TRY IT:
Leaving out all pictures, transcribe the lines below exactly, from the first through the line containing "Rechthoekig dienblad met".
--*--
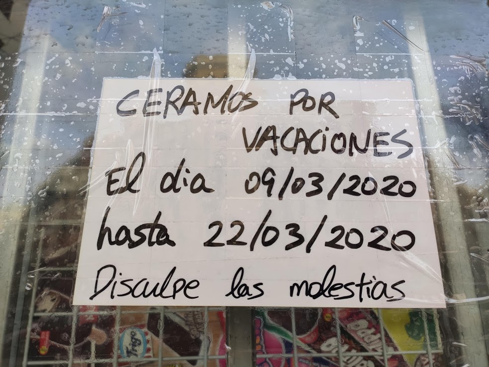 En el barrio madrileño de Chamberí, casi todos los bazares, tiendas de alimentación y de manicura tienen la persiana bajada y con el mismo cartel: "Cerrado por vacaciones hasta finales de marzo". Otro de los motivos que aportan son por "remodelación" o por "días de descanso".
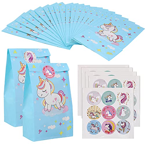 PHOGARY 20 Enhörning papperspåsar, med 45 Regnbåge Magisk Enhörning Klistermärken - Enhörning Party Tjänst Väskor Födelsedagsfesttillbehör, Goodiebags för tjejer
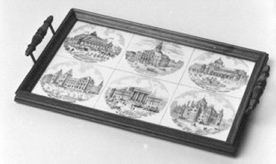 Rechthoekig dienblad met twee handgrepen. Het blad bestaat uit één grote tegel onder verdeeld in zes vakken met afbeeldingen van rijtuigen, koetsen en paardetrams
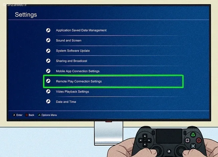 به قسمت تنظیمات (Setting) برگردید. حالا گزینهی مربوط به تنظیمات اتصال ریموت پلی (Remote Play Connection Settings) را پیدا کرده و گزینه فعالسازی ریموت پلی (Enable Remote Play) را روشن کنید. حتماً چک کنید که هم کنسول و هم لپتاپ شما به یک شبکه وایفای متصل باشند.
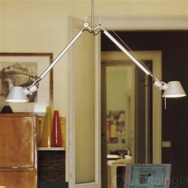 Tolomeo, пожалуй, одна из самых титулованных коллекций светильников. Эта коллекция была создана в 1987 году и удостоена многочисленных наград за дизайн и функциональность. Подвесной светильник имеет два поворотных плеча,фиксируемых с помощью запатентованного наружного механизма фиксации. Арматура и плафоны выполнены из алюминия.
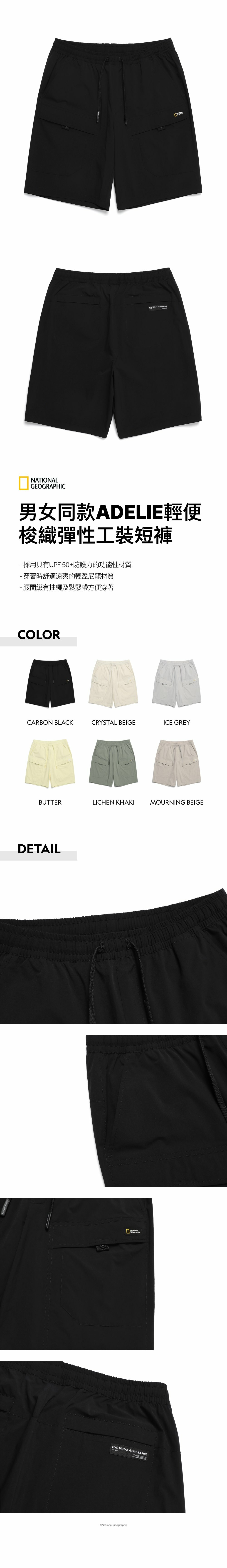- 腰間綴有抽繩及鬆緊帶方便穿著
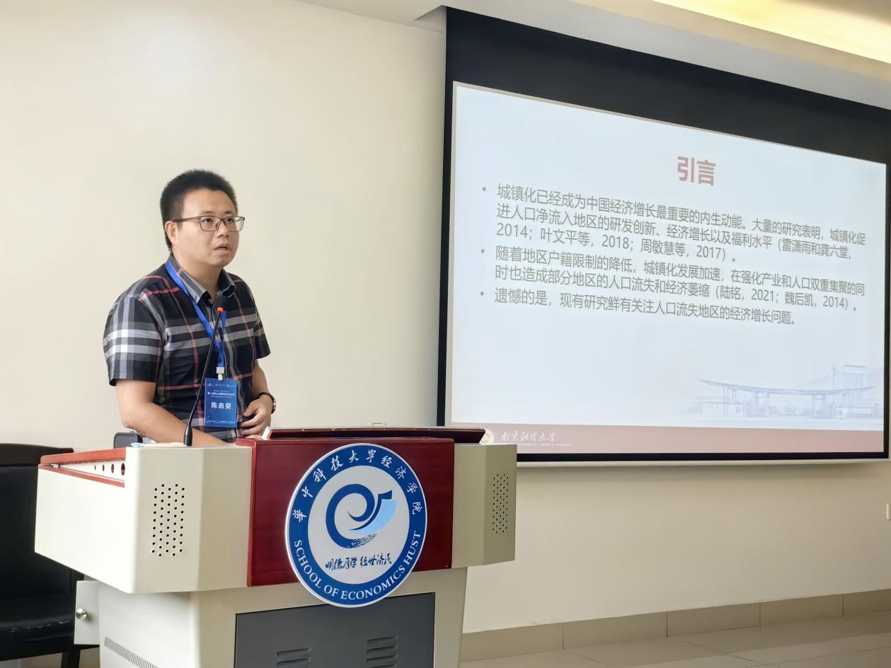陈启斐教授以《城市收缩的经济后果:基于2845个县级市的证据》为主题进行报告。该报告关注人口流失地区,采用2001-2019年中国2845个县级市的数据,更加细致地考察收缩型城市的经济增长问题。结果显示,城市收缩后经济增长下滑6.91%,农业、工业和服务业的增加值都有所下降,并且对服务业负面冲击最强。报告还从人均资本、全要素生产率、研发投入和消费需求等方面考察城市收缩对经济增长的内在影响机制,发现城市收缩抑制内陆地区的人均资本提升,但是会促进沿海地区人均资本。
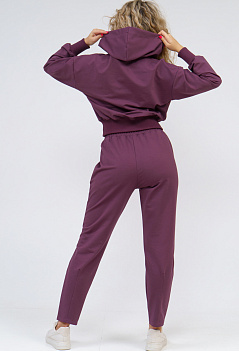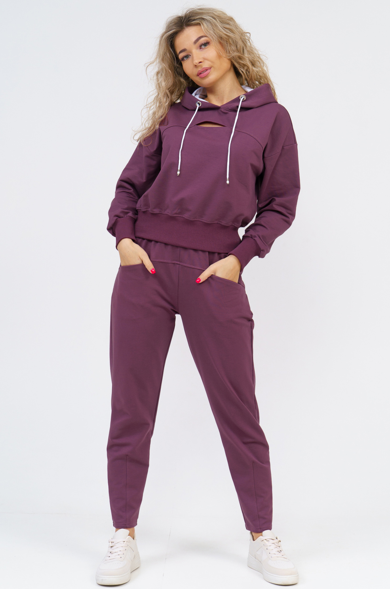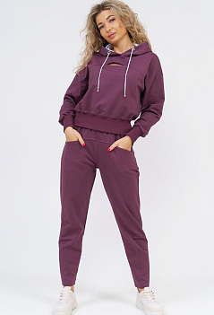 Стильный женский костюм спортивного кроя подойдёт и для дома и для прогулок. Укороченная толстовка с капюшоном подчеркнёт стройность фигуры. Оригинальный элемент - небольшой вырез по линии кокетки в области груди. Рукава и нижняя часть толстовки на манжете. Брюки слегка зауженные внизу, на кокетке, с карманами, пояс на широкой резинке. Ткань - практичный петельчатый футер с лайкрой. |
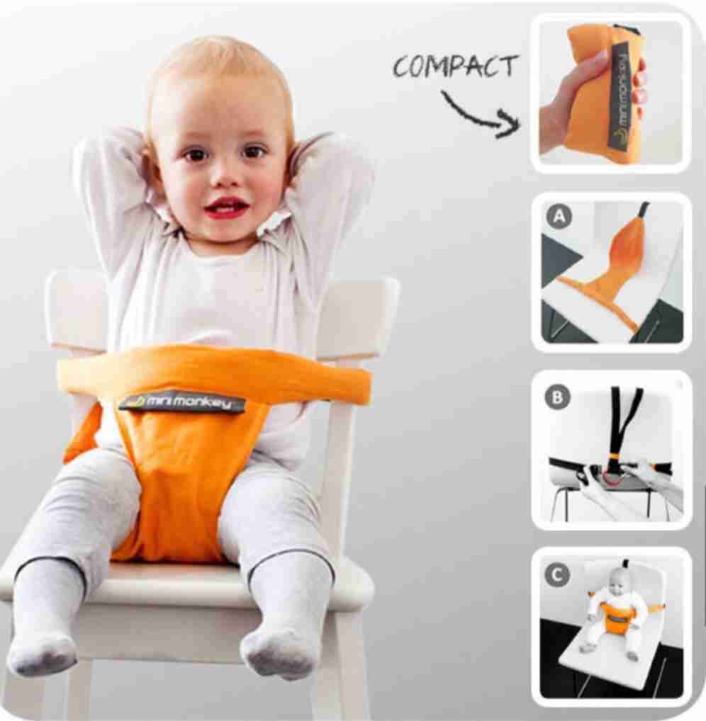 Silla de viaje compacta y fácil de usar. Ideal para mantener seguro al bebé en cualquier silla. Nueva
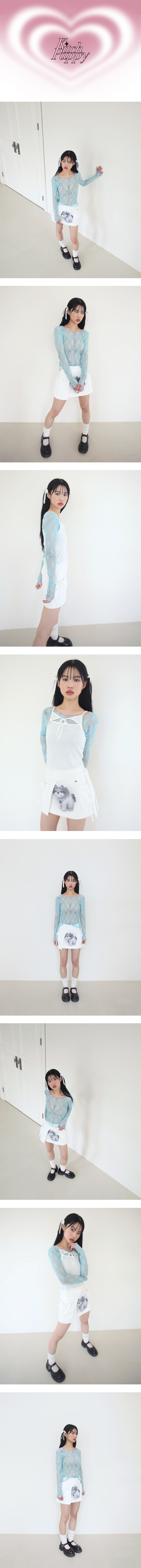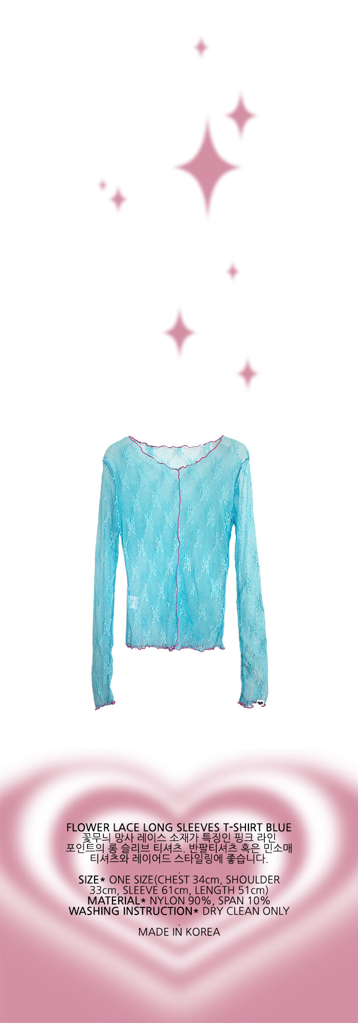 FLOWER LACE LONG SLEEVES T-SHIRT BLUE
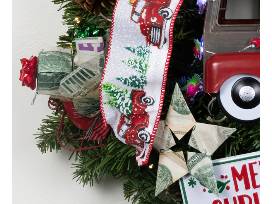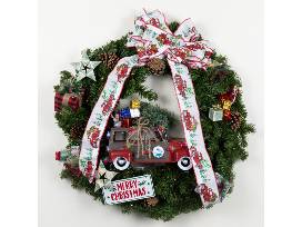 Included--Battery-operated 30", lighted wreath with decorations and gifts:
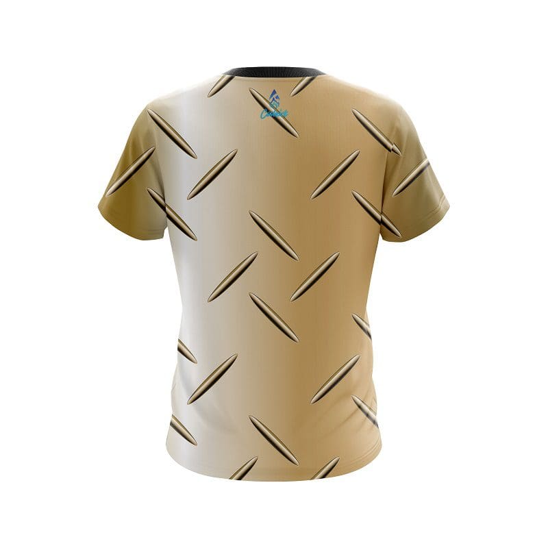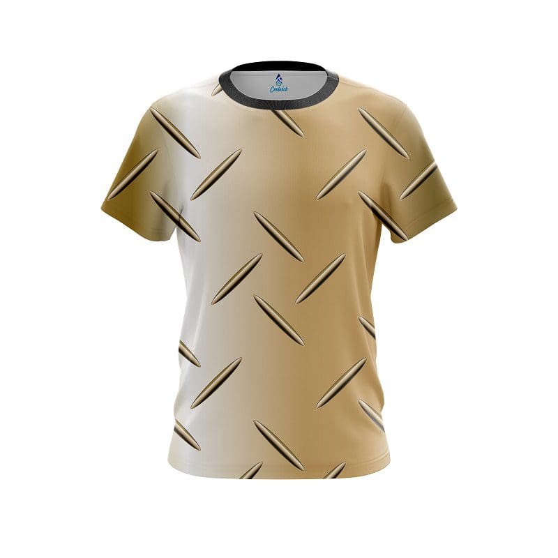 Stay 40% cooler with CoolWick. Our Plain Gold Diamond Plate CoolWick Bowling Jerseys are made of two different fabrics with the back being our CoolWick technology fabric that helps wick moisture away and helps air flow more easily through the fibers.
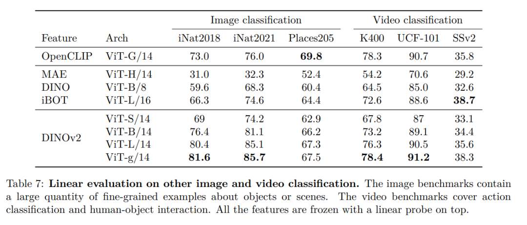 - DINOv2 的预训练版本已经可用,并可以在一系列任务上媲美 CLIP 和 OpenCLIP。
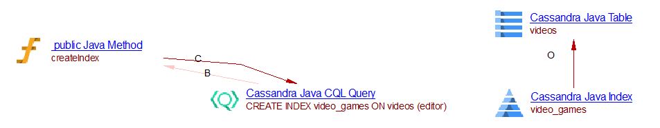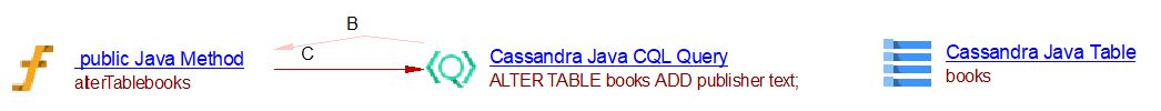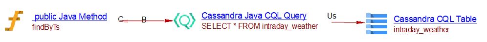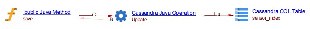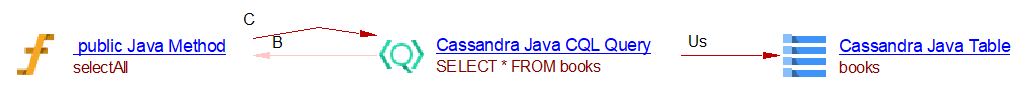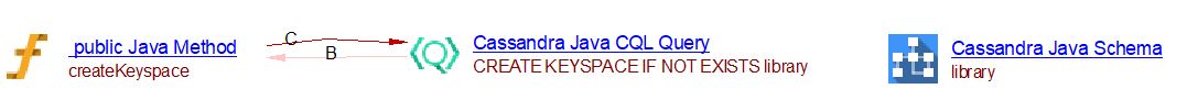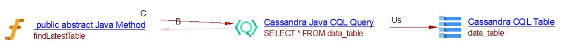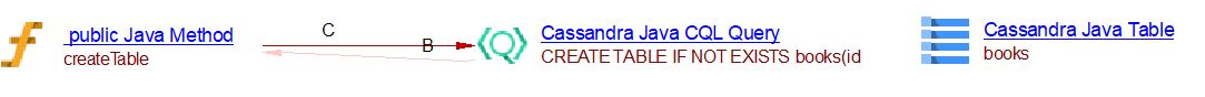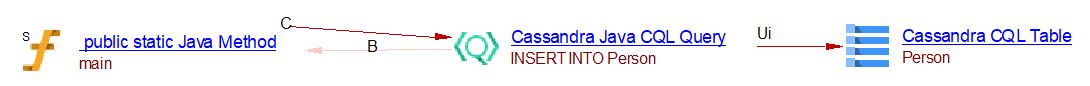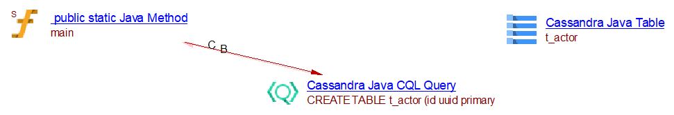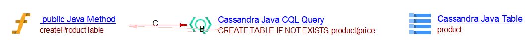 Note that there are two types of table because they may originate in .cql files, Cassandra CQL Table, or in java code, Cassandra Java Table. The Cassandra extension is responsible for creating the tables and the links. This helps form the complete transaction.
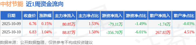 资金流向数据方面,本周中材节能主力资金合计净流入169.71万元,游资资金合计净流出435.8万元,散户资金合计净流入266.09万元。本周资金流向一览见下表:
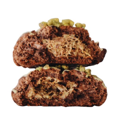 Brown, sweetened hazelnut cocoa inside a cookie.
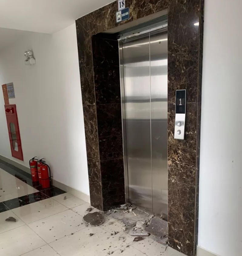 Đá ốp lát ở cửa thang máy bị rơi ụp xuống khiến nhiều người lo lắng, bức xúc
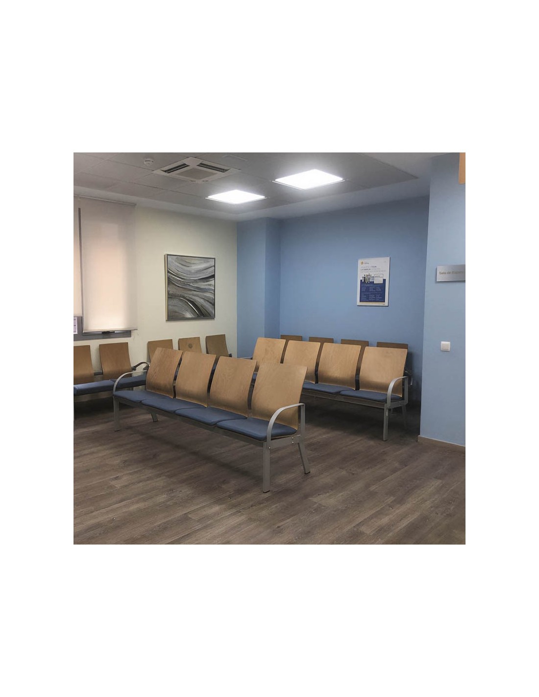 Diseñada con una atención meticulosa al detalle, esta bancada incorpora asientos y respaldos de contrachapado de madera de haya barnizada, ofreciendo no solo un aspecto natural y refinado, sino también una ergonomía superior para quienes la utilizan.
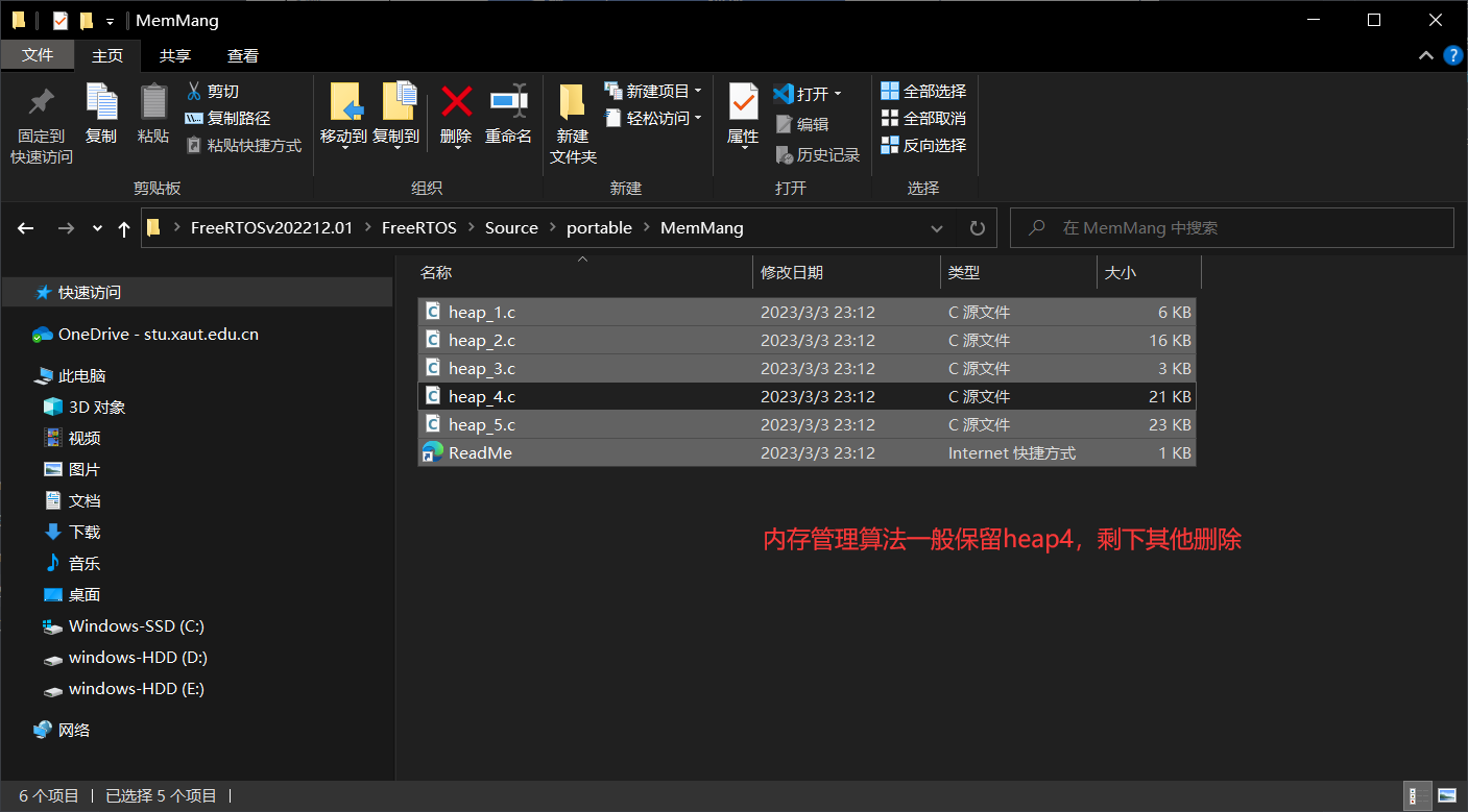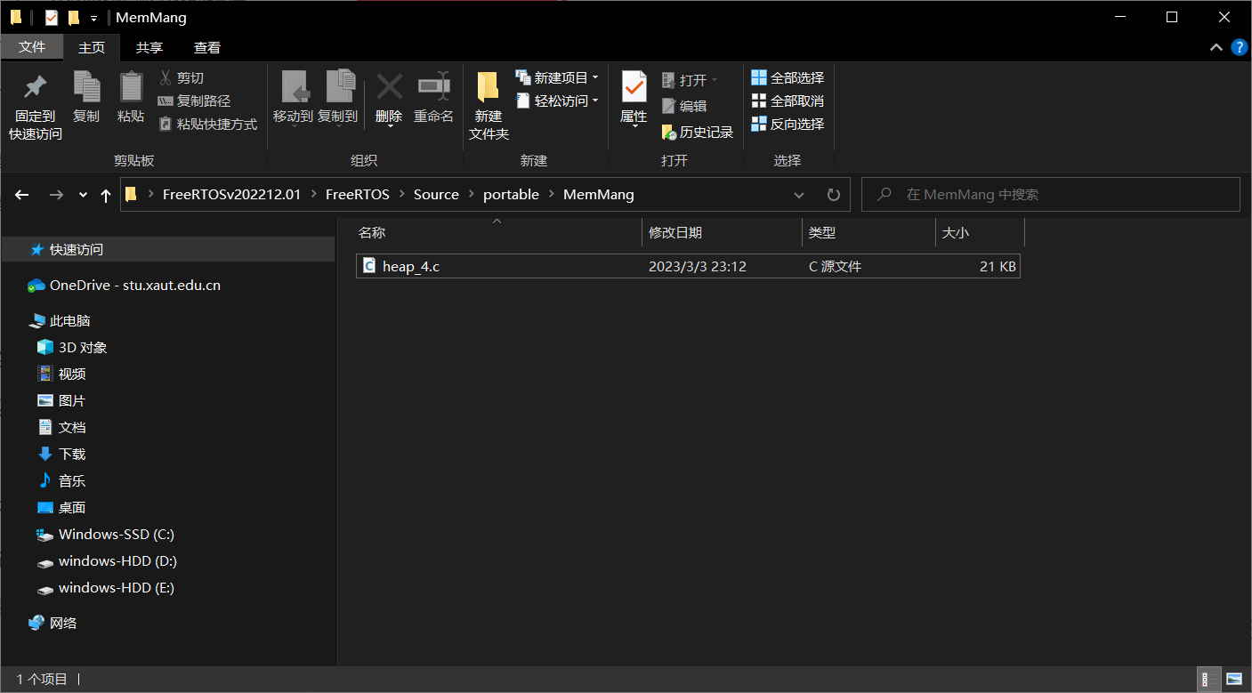 Middlewares/FreeRTOS_PORT 分组用于存放 FreeRTOS 内核的移植文件,需要添加两个文件到这个分组,分别为 heap_x.c 和 port.c。 首先是 heap_x.c, 在路径 FreeRTOS/portable/MemMang 下有五个 C 源文件,这五个 C 源文 件对应了五种 FreeRTOS 提供的内存管理算法,读者在进行 FreeRTOS 移植的时候可以根据需 求选择合适的方法,具体这五种内存管理的算法,在后续 FreeRTOS 内存管理章节会具体分析, 这里就先使用 heap_4.c,将 heap_4.c 添加到 Middlewares/FreeRTOS_PORT 分组中。
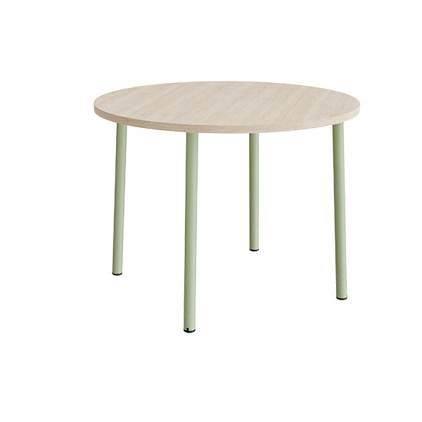 Bord Add 590, Ø1200 mm, højde 900 mm, hvidpigmenteret eg laminat på grønt stel
--*--
OUTPUT FOR THIS EXERCISE:
 En el barrio madrileño de Chamberí, casi todos los bazares, tiendas de alimentación y de manicura tienen la persiana bajada y con el mismo cartel: "Cerrado por vacaciones hasta finales de marzo". Otro de los motivos que aportan son por "remodelación" o por "días de descanso".
 PHOGARY 20 Enhörning papperspåsar, med 45 Regnbåge Magisk Enhörning Klistermärken - Enhörning Party Tjänst Väskor Födelsedagsfesttillbehör, Goodiebags för tjejer
 Rechthoekig dienblad met twee handgrepen. Het blad bestaat uit één grote tegel onder verdeeld in zes vakken met afbeeldingen van rijtuigen, koetsen en paardetrams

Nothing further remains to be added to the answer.